To the point... A lady called today and had a question.  She wouldn't talk to the technician so I got on the phone.  I had a hard time getting her to actually ask her question because she was embarrassed.  Told her that I've heard just about everything so nothing embarrasses me anymore.  She proceeds with her question. "What'll happen if someone eats Astroglide?"  I was a little taken aback and for a moment thought it was a prank call.  Finally told myself that she was too shy for it to be a prank.  Looked up info on Astroglide and it's not harmful.  Decided to have a little fun with her and said "well, it's mostly just water and glycerin... hot harmful but I wouldn't go and take a swig!"

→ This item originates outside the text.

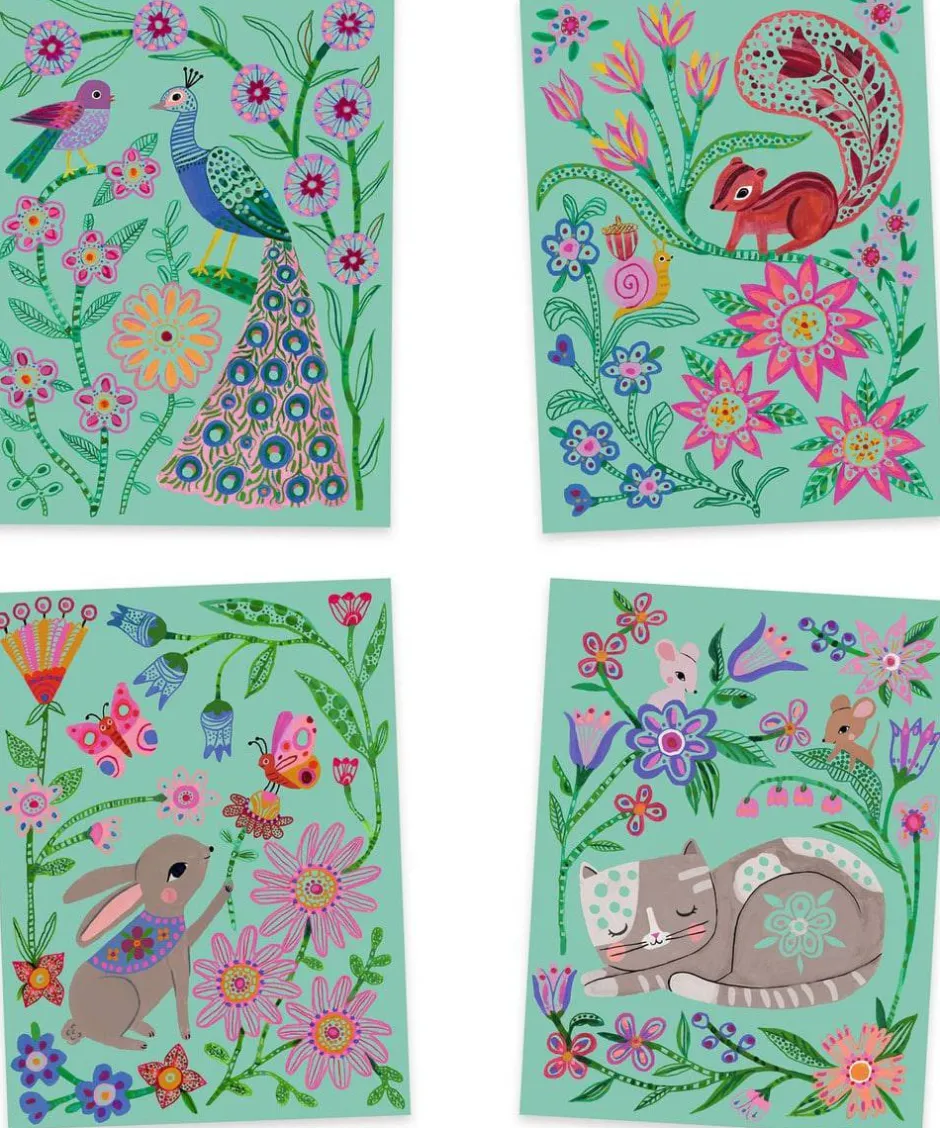 Un estuche de 4 tarjetas para rascar con adorables ilustraciones: los animales del jardín se encuentran en una decoración floral. El niño reproduce los dibujos imaginados por el artista raspando la superficie con el punzón

LOL!  She actually started laughing and told me I was the coolest pharmacist she'd ever dealt with!  Made my day...


----------



## Teacakeanyone (Jul 28, 2009)

That's a really funny story! Doesn't that just have ingredients on the bottle? Haha. Maybe she threw her box away. And I agree - I'd be tickled if my pharmacist had responses like that, too.


----------



## lilMAClady (Jul 28, 2009)

LOL! Funny!


----------



## MAC_Whore (Jul 28, 2009)

Astroglide martinis anyone?


----------



## nunu (Jul 28, 2009)

LOL...that's so funny!


----------



## BeccalovesMAC (Jul 28, 2009)

lmao


----------



## Stephy171 (Jul 28, 2009)

omgg thats too funny! your cute... good way to lighten up the mood!


----------



## justseenaface85 (Jul 28, 2009)

OMG! So funny! Love your username btw


----------



## hawaii02 (Jul 28, 2009)




----------



## gigglegirl (Jul 28, 2009)

...I had to google Astroglide....lmao. 
.
.
.
I'm a winner.


----------



## mdjmsj (Jul 28, 2009)

Haha, that is so funny!


----------



## aziajs (Jul 28, 2009)

That was very cool of you.  Well done.  People get really embarrassed by things like that and it helps when you have someone who can put you at ease. 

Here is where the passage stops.